▶ **Source data**
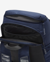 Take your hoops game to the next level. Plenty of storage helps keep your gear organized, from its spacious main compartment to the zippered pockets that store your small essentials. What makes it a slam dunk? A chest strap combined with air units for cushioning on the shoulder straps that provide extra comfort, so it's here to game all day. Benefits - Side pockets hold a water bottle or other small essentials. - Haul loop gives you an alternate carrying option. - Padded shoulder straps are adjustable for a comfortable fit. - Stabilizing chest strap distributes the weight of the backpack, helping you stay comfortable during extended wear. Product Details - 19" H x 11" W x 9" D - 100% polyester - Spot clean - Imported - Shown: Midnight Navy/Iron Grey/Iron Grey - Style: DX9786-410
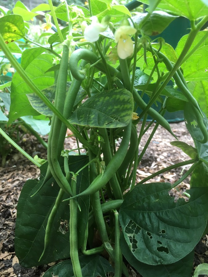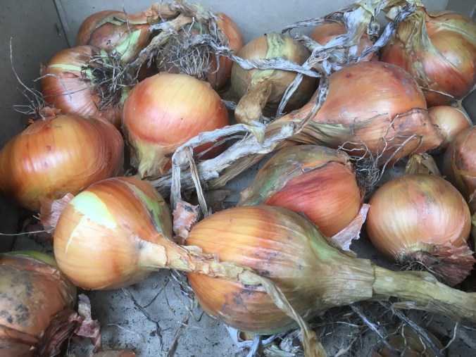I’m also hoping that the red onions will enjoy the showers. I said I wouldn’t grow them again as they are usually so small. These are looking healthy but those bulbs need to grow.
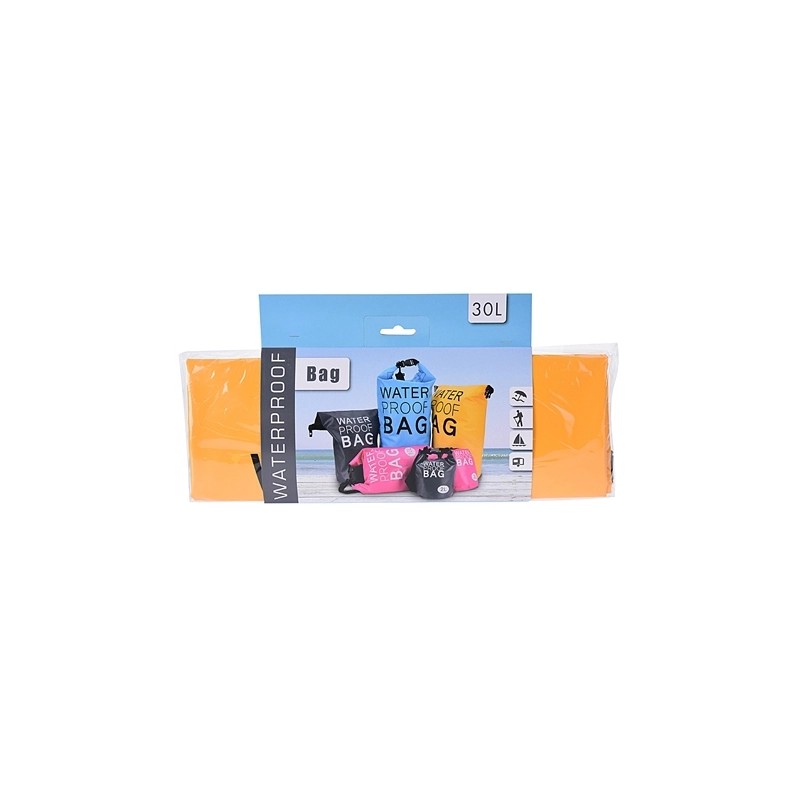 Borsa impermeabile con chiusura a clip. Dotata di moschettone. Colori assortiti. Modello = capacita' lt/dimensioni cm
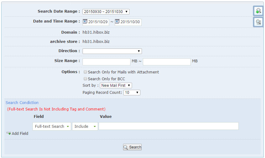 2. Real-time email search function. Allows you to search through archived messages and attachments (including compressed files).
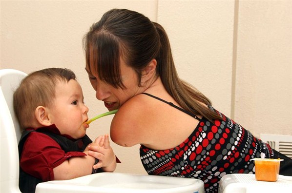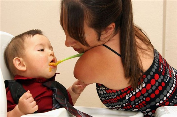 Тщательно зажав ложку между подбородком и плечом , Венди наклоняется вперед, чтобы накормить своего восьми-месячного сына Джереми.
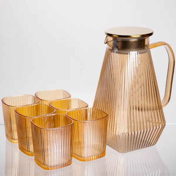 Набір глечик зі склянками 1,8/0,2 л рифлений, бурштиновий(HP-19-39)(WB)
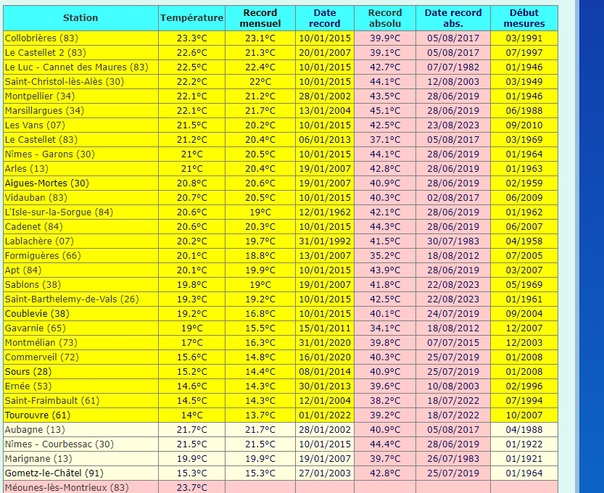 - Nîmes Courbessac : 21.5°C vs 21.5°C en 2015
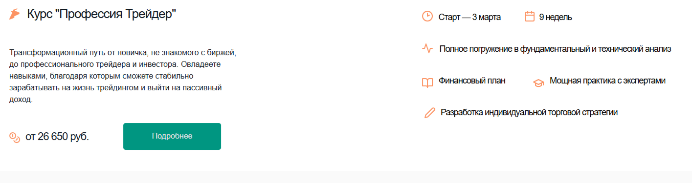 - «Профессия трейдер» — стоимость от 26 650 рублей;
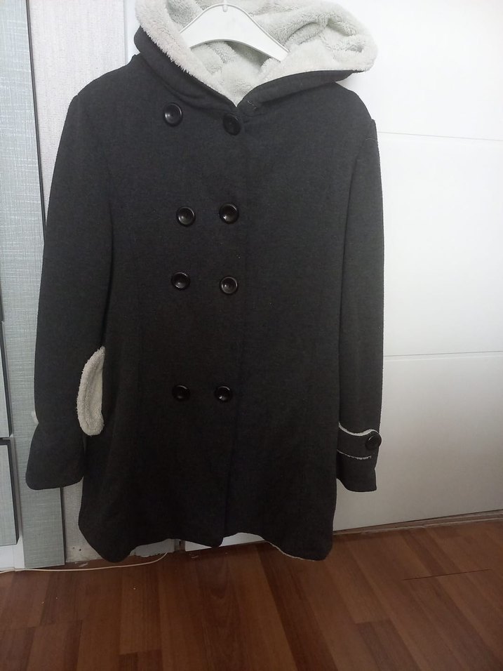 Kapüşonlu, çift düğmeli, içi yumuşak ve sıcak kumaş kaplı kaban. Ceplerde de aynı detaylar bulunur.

--

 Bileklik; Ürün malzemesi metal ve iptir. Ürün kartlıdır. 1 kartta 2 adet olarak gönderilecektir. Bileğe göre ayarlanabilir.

▶ **Assignment**
For this exercise, set down the lines in the entries above from the one with "I’m also hoping" through the one with "Kapüşonlu, çift düğmeli, içi" exactly as written, without any pictures.

▶ **Exercise output**
I’m also hoping that the red onions will enjoy the showers. I said I wouldn’t grow them again as they are usually so small. These are looking healthy but those bulbs need to grow.
 Borsa impermeabile con chiusura a clip. Dotata di moschettone. Colori assortiti. Modello = capacita' lt/dimensioni cm
 2. Real-time email search function. Allows you to search through archived messages and attachments (including compressed files).
 Тщательно зажав ложку между подбородком и плечом , Венди наклоняется вперед, чтобы накормить своего восьми-месячного сына Джереми.
 Набір глечик зі склянками 1,8/0,2 л рифлений, бурштиновий(HP-19-39)(WB)
 - Nîmes Courbessac : 21.5°C vs 21.5°C en 2015
 - «Профессия трейдер» — стоимость от 26 650 рублей;
 Kapüşonlu, çift düğmeli, içi yumuşak ve sıcak kumaş kaplı kaban. Ceplerde de aynı detaylar bulunur.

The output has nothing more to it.